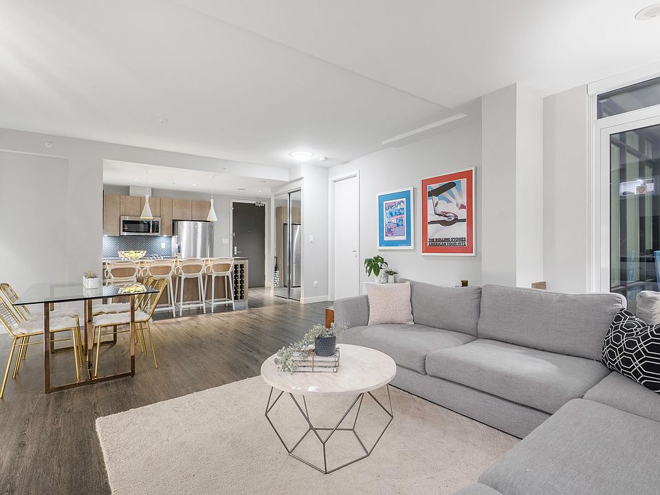 Welcome to Proximity in Olympic Village! Excellent location only steps to the Seawall, shopping, restaurants and everything you need in walking distance. This 2 Bed 2 Bath + Den home is spacious and perfect for entertaining. Corner suite with an open plan, 9' ceilings and separated bedrooms for privacy. Lots of outdoor space with two patios! Gourmet kitchen with quartz countertops and spa inspired bathrooms with heated floors. Amenities include gym, common room, boardroom, garden plots & spacious communal rooftop deck with lots of seating and fireplace. Well maintained building with proactive strata. In Suite Laundry. 1 Covered Parking Spot. Pets & Rentals Allowed.
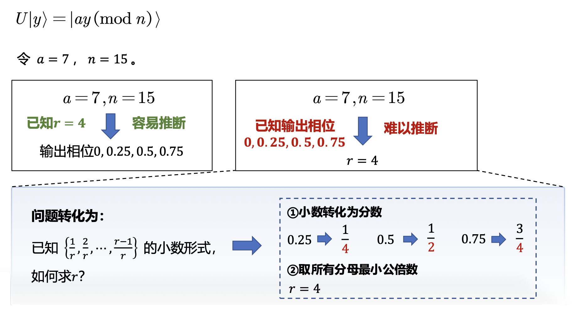 \[ |u_s\rangle = \frac{1}{\sqrt{r}} \sum_{k=0}^{r-1} e^{-\frac{2\pi isk}{r}} |a^k \pmod N\rangle \]- 性质 1:\(U|u_s\rangle = e^{\frac{2\pi is}{r}} |u_s\rangle\)
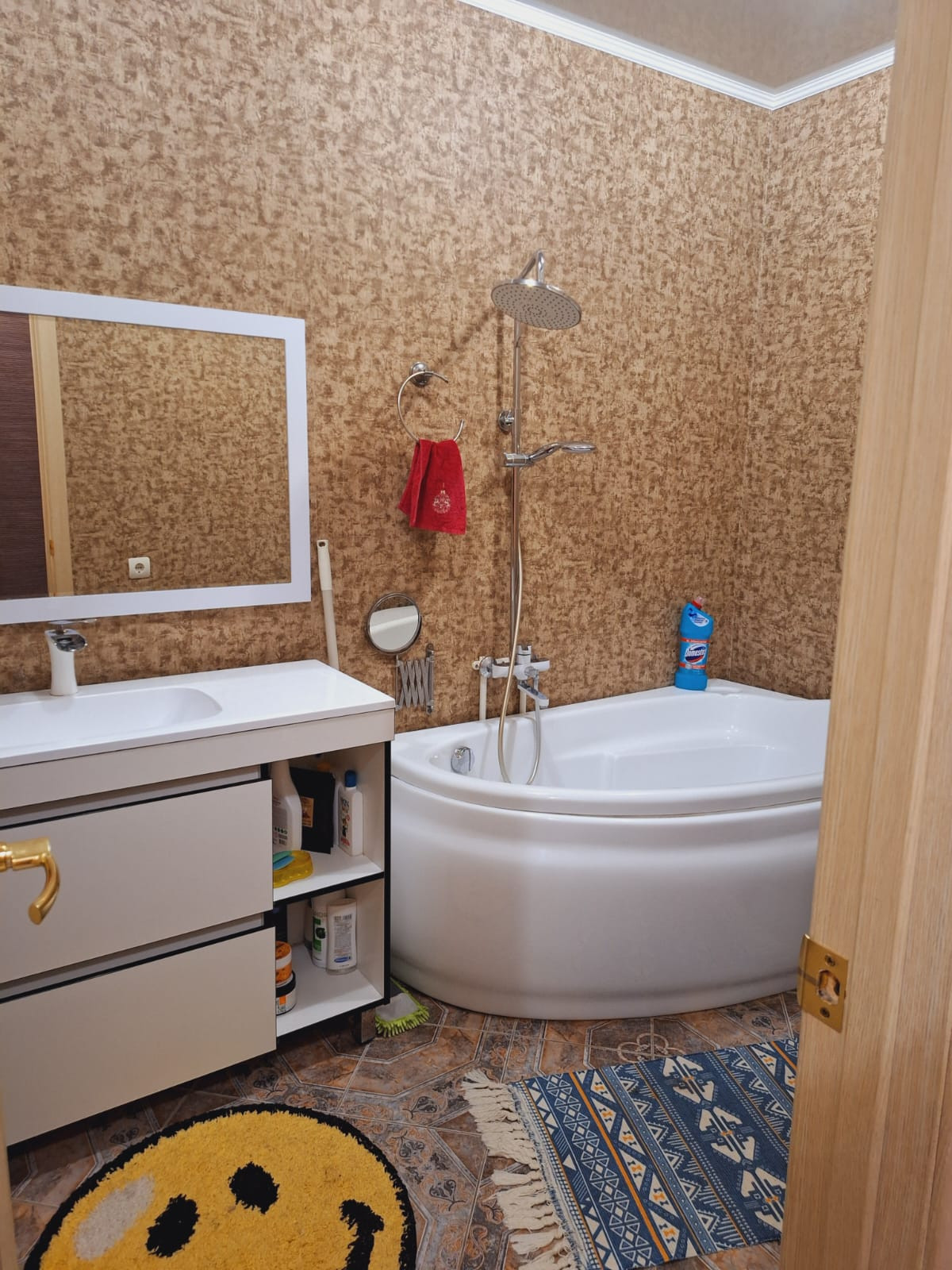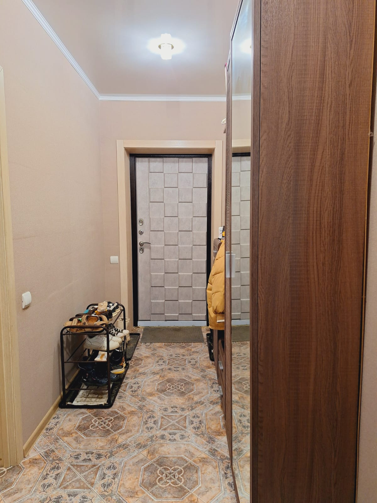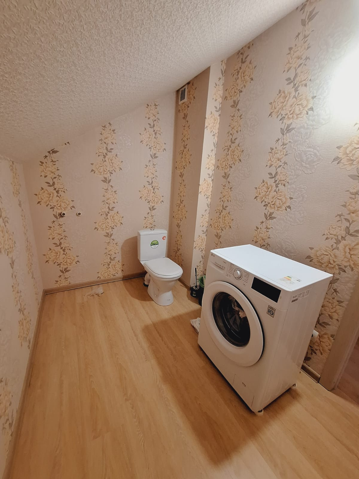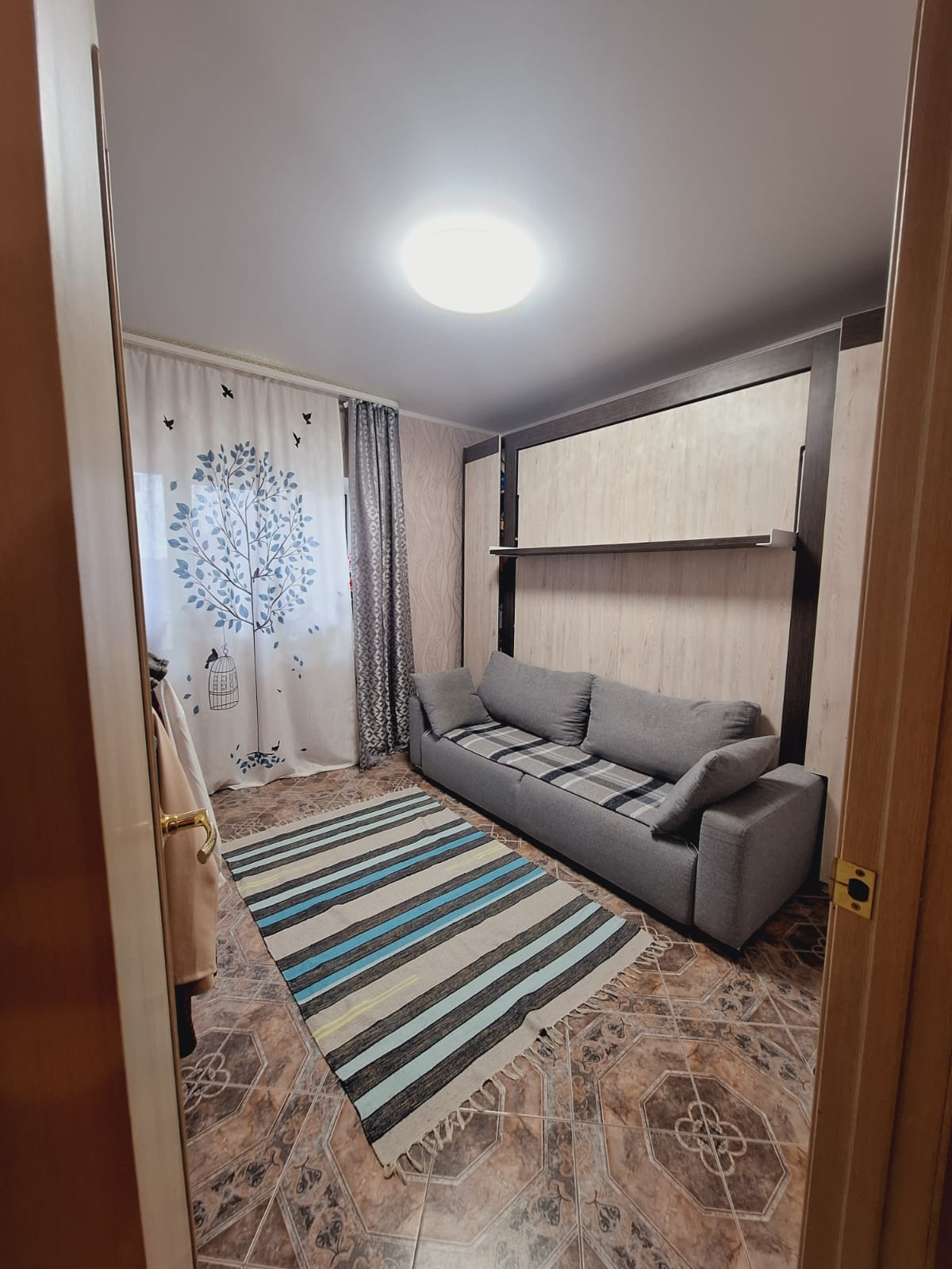 Потолок натяжной, полы кафель, стены выровнены
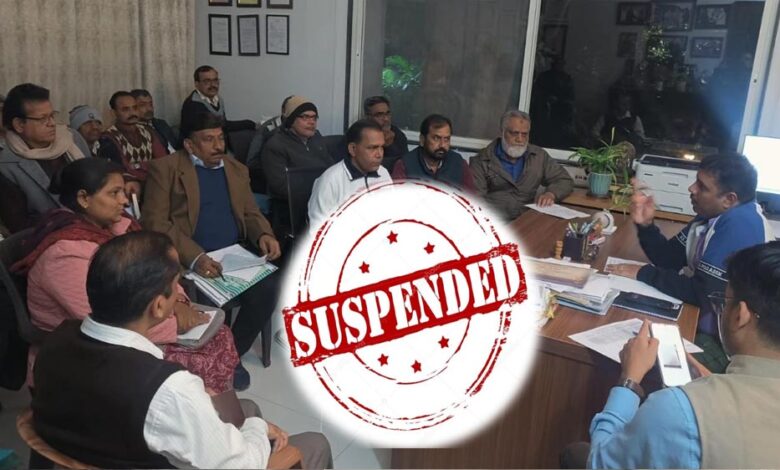 कलेक्टर रविवार रात SIR कार्य की समीक्षा कर रहे थे, जिसमें सामने आया कि विधानसभा क्षेत्र उत्तर के मतदान केंद्र दो के BLO अनंतलाल मिश्रा की ओर से लगातार निर्देश देने के बाद भी एक भी गणना पत्रक BLO एप पर डिजिटाईज नहीं किया गया है। इसी तरह विधानसभा क्षेत्र गोविंदपुरा के BLO सुपरवाईजर शुभम प्रताप सिंह ने लक्ष्य के अनुरूप बीएलओ से कार्य नहीं करवाया और प्रत्येक बीएलओ से प्रतिदिन 100 गणना पत्रक बीएलओ एप पर डिजिटाईज नहीं करवाया गया है।इस तरह अनंत लाल मिश्रा और शुभम प्रताप सिंह द्वारा SIR कार्य में लगातार लापरवाही बरतने पर निलंबित किया जाता है।

TASK DETAILS - Please write out all the data again word for word, but not the pictures.

EXERCISE RESPONSE -
 Welcome to Proximity in Olympic Village! Excellent location only steps to the Seawall, shopping, restaurants and everything you need in walking distance. This 2 Bed 2 Bath + Den home is spacious and perfect for entertaining. Corner suite with an open plan, 9' ceilings and separated bedrooms for privacy. Lots of outdoor space with two patios! Gourmet kitchen with quartz countertops and spa inspired bathrooms with heated floors. Amenities include gym, common room, boardroom, garden plots & spacious communal rooftop deck with lots of seating and fireplace. Well maintained building with proactive strata. In Suite Laundry. 1 Covered Parking Spot. Pets & Rentals Allowed.
 \[ |u_s\rangle = \frac{1}{\sqrt{r}} \sum_{k=0}^{r-1} e^{-\frac{2\pi isk}{r}} |a^k \pmod N\rangle \]- 性质 1:\(U|u_s\rangle = e^{\frac{2\pi is}{r}} |u_s\rangle\)
 Потолок натяжной, полы кафель, стены выровнены
 कलेक्टर रविवार रात SIR कार्य की समीक्षा कर रहे थे, जिसमें सामने आया कि विधानसभा क्षेत्र उत्तर के मतदान केंद्र दो के BLO अनंतलाल मिश्रा की ओर से लगातार निर्देश देने के बाद भी एक भी गणना पत्रक BLO एप पर डिजिटाईज नहीं किया गया है। इसी तरह विधानसभा क्षेत्र गोविंदपुरा के BLO सुपरवाईजर शुभम प्रताप सिंह ने लक्ष्य के अनुरूप बीएलओ से कार्य नहीं करवाया और प्रत्येक बीएलओ से प्रतिदिन 100 गणना पत्रक बीएलओ एप पर डिजिटाईज नहीं करवाया गया है।इस तरह अनंत लाल मिश्रा और शुभम प्रताप सिंह द्वारा SIR कार्य में लगातार लापरवाही बरतने पर निलंबित किया जाता है।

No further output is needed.